Interconnected Hollow Cobalt Phosphide Grown on Carbon Nanotubes for Hydrogen Evolution Reaction
journal contributionposted on 13.08.2018, 00:00 by Alaaldin Adam, Munzir H. Suliman, Mohammad N. Siddiqui, Zain H. Yamani, Belabbes Merzougui, Mohammad Qamar
Transition-metal phosphides are deemed as potential alternative to platinum for large-scale and sustainable electrocatalytic hydrogen production from water. In this study, facile preparation of interconnected hollow cobalt monophosphide (CoP) supported on carbon nanotubes is demonstrated and evaluated as a low-cost electrocatalyst for hydrogen evolution reaction.
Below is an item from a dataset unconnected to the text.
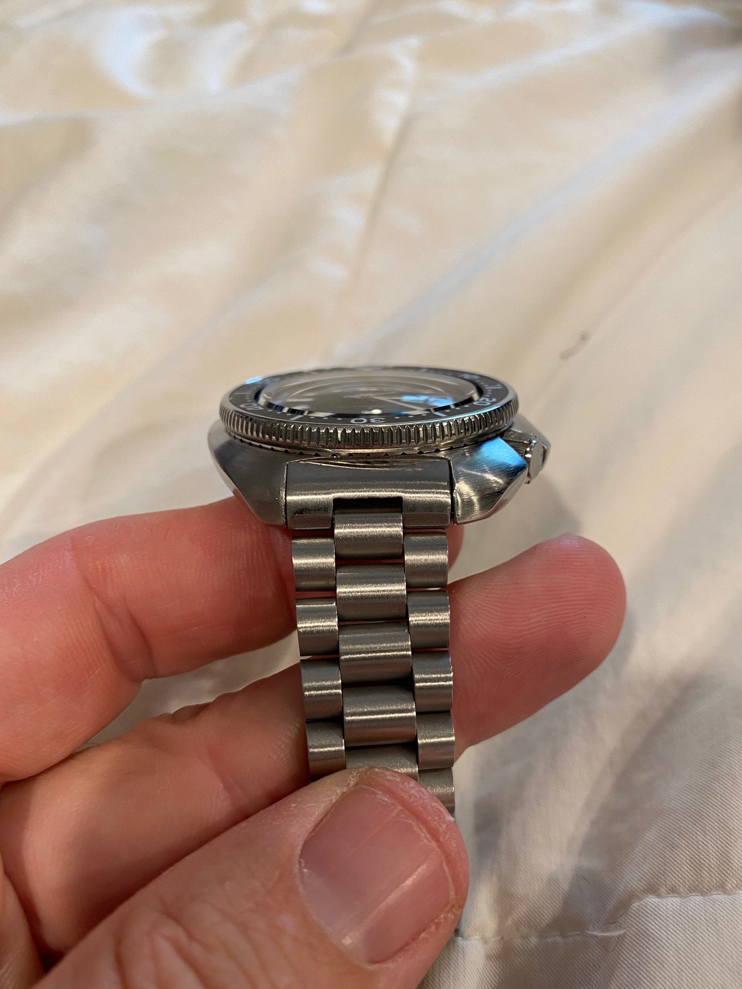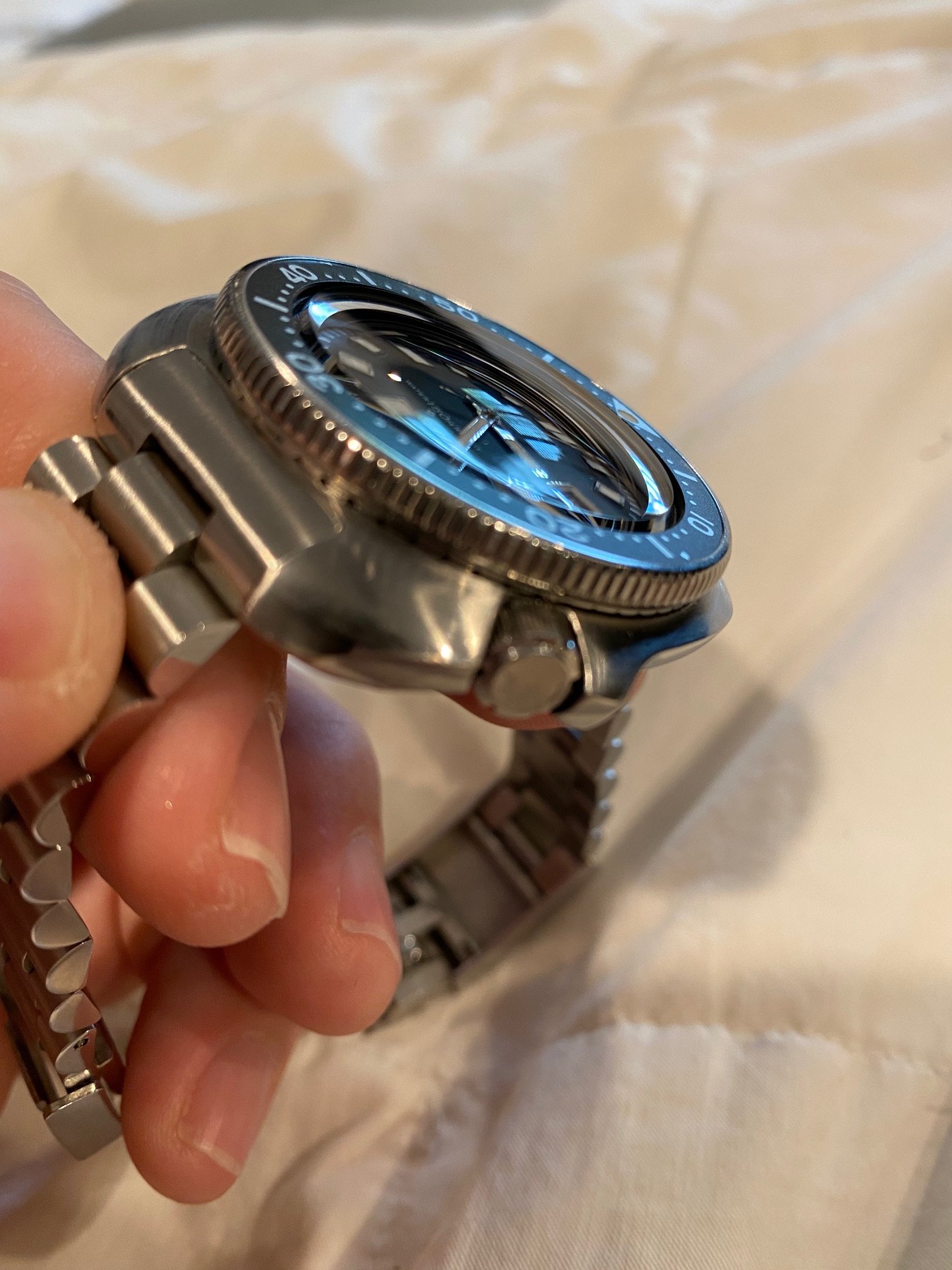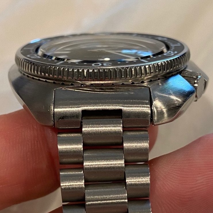 Beautifully curved 44mm case, no pits or deep scratches. No signs of any polishing. Both top and bottom of the case are brushed, the top secular brushed and back straight, all clearly very visible.
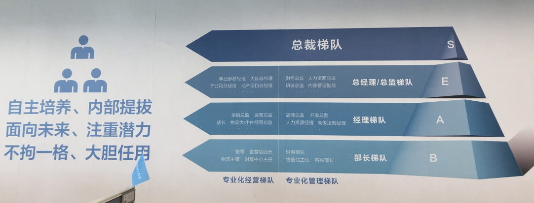 蘇寧主要通過(guò)1200校招工程進(jìn)行人才梯隊(duì)培養(yǎng),將人才團(tuán)隊(duì)劃分為B梯隊(duì)(部長(zhǎng)梯隊(duì))、A梯隊(duì)(經(jīng)理梯隊(duì))、E梯隊(duì)(總經(jīng)理/總監(jiān)梯隊(duì))、S梯隊(duì)(總裁梯隊(duì)),逐層選拔培養(yǎng),在潤(rùn)物細(xì)無(wú)聲中形成了組織的人才梯隊(duì)。

Hexamethylenetetramine is used as a structure-directing agent to guide the formation of interconnected cobalt oxide, which further grows into interconnected hollow CoP. Interconnected and hollow microstructural artifacts impart benign attributes, such as enhanced specific and electrochemically active surface area, low intrinsic charge transfer resistance, high interfacial charge transfer kinetics, and improved mass transport, to the electrocatalyst. As a result, the as-prepared electrode exhibits remarkable electrocatalytic performance, low onset (18 mV) and overpotential (η10 = 73 mV); small Tafel slope (54.6 mV dec–1); and high turnover frequency (0.58 s–1 at η = 73 mV). In addition, the electrode shows excellent electrochemical stability.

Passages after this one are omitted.